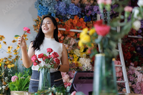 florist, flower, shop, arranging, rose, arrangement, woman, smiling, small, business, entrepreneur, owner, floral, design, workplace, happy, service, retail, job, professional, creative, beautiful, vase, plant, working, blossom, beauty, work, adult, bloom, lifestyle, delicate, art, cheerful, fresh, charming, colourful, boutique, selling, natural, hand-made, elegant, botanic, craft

==

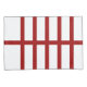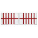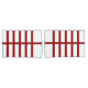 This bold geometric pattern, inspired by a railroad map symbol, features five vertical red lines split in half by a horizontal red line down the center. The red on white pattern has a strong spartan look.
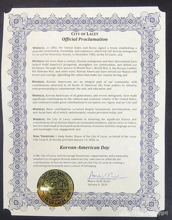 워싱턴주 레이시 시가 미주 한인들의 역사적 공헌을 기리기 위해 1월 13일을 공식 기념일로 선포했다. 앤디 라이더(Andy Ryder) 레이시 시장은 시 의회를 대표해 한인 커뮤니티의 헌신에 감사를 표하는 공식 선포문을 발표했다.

* PROBLEM DETAILS *
Reproduce the entries exactly, from the line with "This bold geometric" to the line with "워싱턴주 레이시 시가", both lines included, keeping no pictures.

* TASK ANSWER *
 This bold geometric pattern, inspired by a railroad map symbol, features five vertical red lines split in half by a horizontal red line down the center. The red on white pattern has a strong spartan look.
 워싱턴주 레이시 시가 미주 한인들의 역사적 공헌을 기리기 위해 1월 13일을 공식 기념일로 선포했다. 앤디 라이더(Andy Ryder) 레이시 시장은 시 의회를 대표해 한인 커뮤니티의 헌신에 감사를 표하는 공식 선포문을 발표했다.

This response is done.